El melanoma afecta a cerca de 96 000 estadounidenses cada año, de los cuales aproximadamente 7 200 sucumbirán a la enfermedad. Esto lo convierte en el cáncer de piel más mortal de los Estados Unidos, en gran parte debido a su agresividad y a su posibilidad de metastatizar. El Dr. Perera indica que es necesario investigar más a fondo para comprender las anomalías biológicas subyacentes al crecimiento y la diseminación del cáncer, y para proporcionar posibles nuevos objetivos de tratamiento.

Por lo general, dice el Dr. Perera, los científicos encaran sus estudios de la genética del melanoma concentrándose en ver cuáles productos génicos y proteicos tienen una regulación aumentada o disminuida en las células tumorales, en comparación con los progenitores normales de la piel. En vez de esto, señala, el enfoque en la “estabilidad del transcriptoma” que adopta su equipo analiza por cuánto tiempo los llamados transcritos génicos (las instrucciones moleculares del ARN que se “leen” del ADN antes de ser traducidas en proteínas) sobreviven en las células tumorales antes de degradarse.

“Es importante entender cómo se comportan estos transcritos durante la génesis o la progresión del tumor”, señala el Dr.
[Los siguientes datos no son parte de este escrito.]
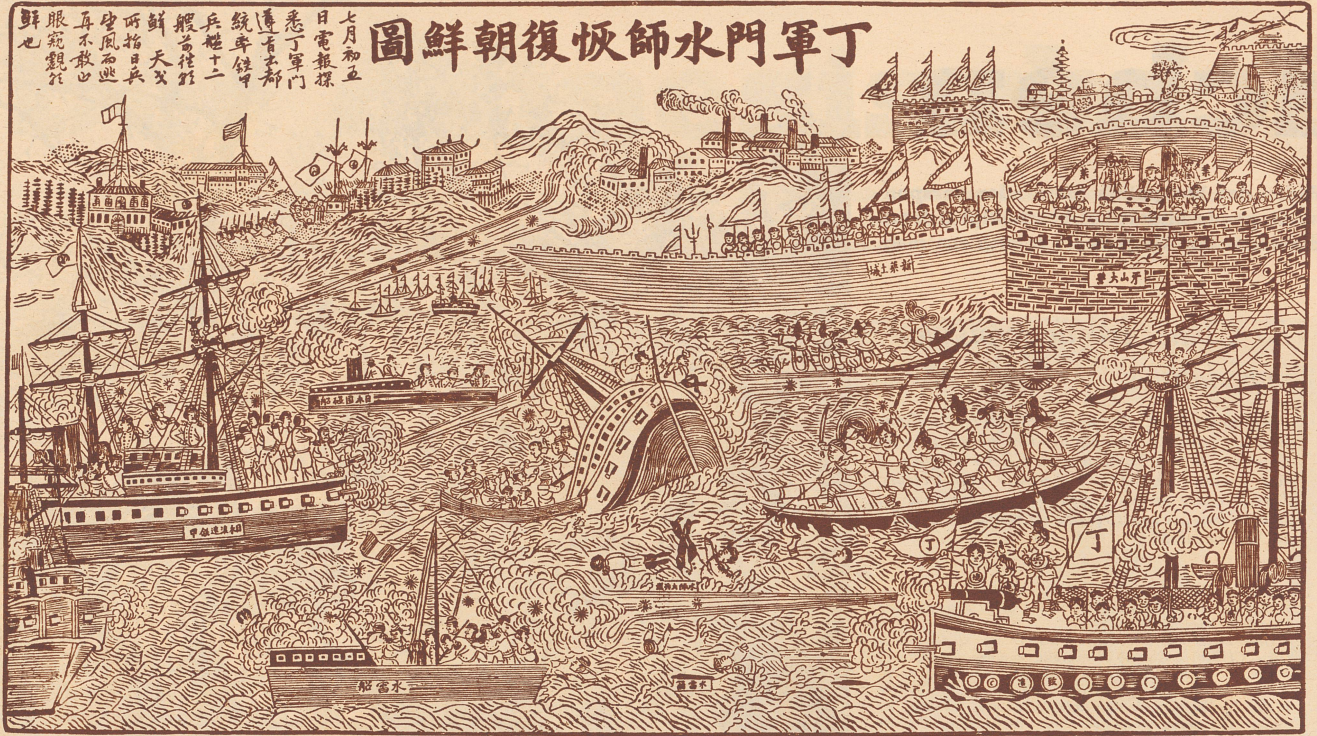
Eine chinesische Zeichnung, die eine japanisch-chinesische Seeschlacht aus dem Krieg 1894/95 darstellt. Das Bild zeigt die Chinesen als Sieger, stellt also die Tatsache auf den Kopf, da ja in Wirklichkeit die Japaner den Sieg davontrugen.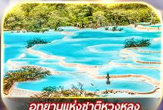
อุทยานแห่งชาติหวงหลง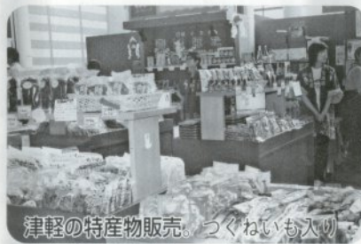
津軽の特産物販売。つくねいも入りまんじゅうなんかいかが。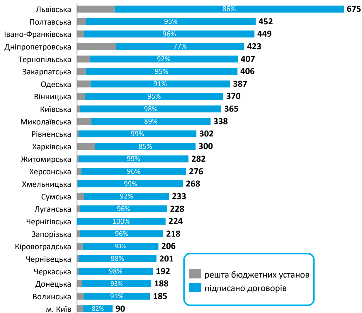
Підписано договорів в розрізі областей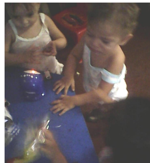
En este plan de acción trabajamos con un grupo reducido para brindar oportunidad de atención individualizada podemos ver a los niños interactuando aunque por breves momentos (obsérvese a los niños seleccionados)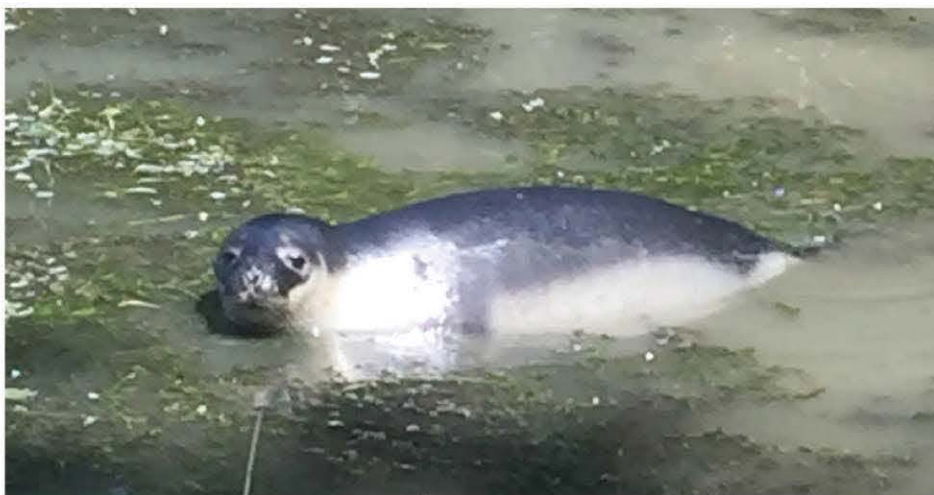
L'animal aperçu dans le Richelieu a été vu pour la dernière fois le 15 août dernier. Il s'agit également d'un phoque à capuchon, une espèce dont la population est en croissance actuellement.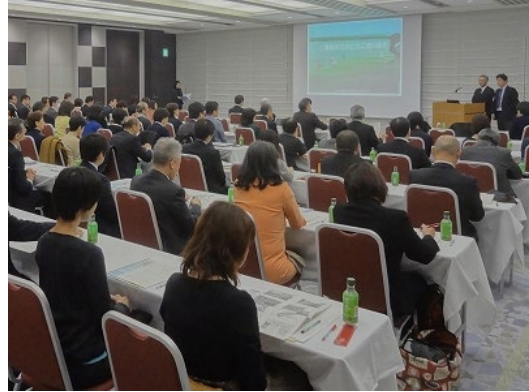
「経団連1%クラブ交流会」講演の様子 (2018/2/26)

Perera. Y agrega, “entonces decidimos observar un ángulo completamente nuevo de estabilidad y deterioro del ARN por todo el genoma durante los pasos iniciales de desarrollo del melanoma”.

Otros investigadores, dice el Dr. Perera, han intentado crear un perfil de la estabilidad del transcrito por todo el genoma utilizando químicos que bloquean toda la transcripción, y observando luego la estabilidad de los transcritos que existían antes de ese bloqueo. Sin embargo, este método radical se considera tóxico y es capaz de alterar otros aspectos de la biología de la célula en formas que pueden oscurecer la información sobre la estabilidad de los transcritos. Para abordar este aspecto, el Dr. Perera y sus colegas usaron BRIC-seq, un método que etiqueta los transcritos con 5-bromouridina, la cual se incorpora en los ARN recién sintetizados y luego puede ser analizada por inmunocitoquímica a lo largo del tiempo sin afectar al resto del entorno celular.

En una línea celular de melanoma donde normalmente miR-211 no está presente, los investigadores introdujeron la expresión de miR-211 y luego utilizaron el método BRIC-seq para investigar la dinámica de estabilidad del transcriptoma en presencia y ausencia de miR-211. Seguidamente, combinaron estos resultados con cambios en los niveles de expresión génica en general y utilizaron instrumentos informáticos de predicción para identificar los genes diana específicos de miR-211, descubriendo así la diana DUSP3, previamente no informada.

Como parte de sus estudios actuales, el Dr. Perera y sus colegas también están analizando de qué manera miR-211 podría afectar a otros transcritos génicos del melanoma en formas que fomentan la metástasis del cáncer y la resistencia a ciertos fármacos contra el cáncer.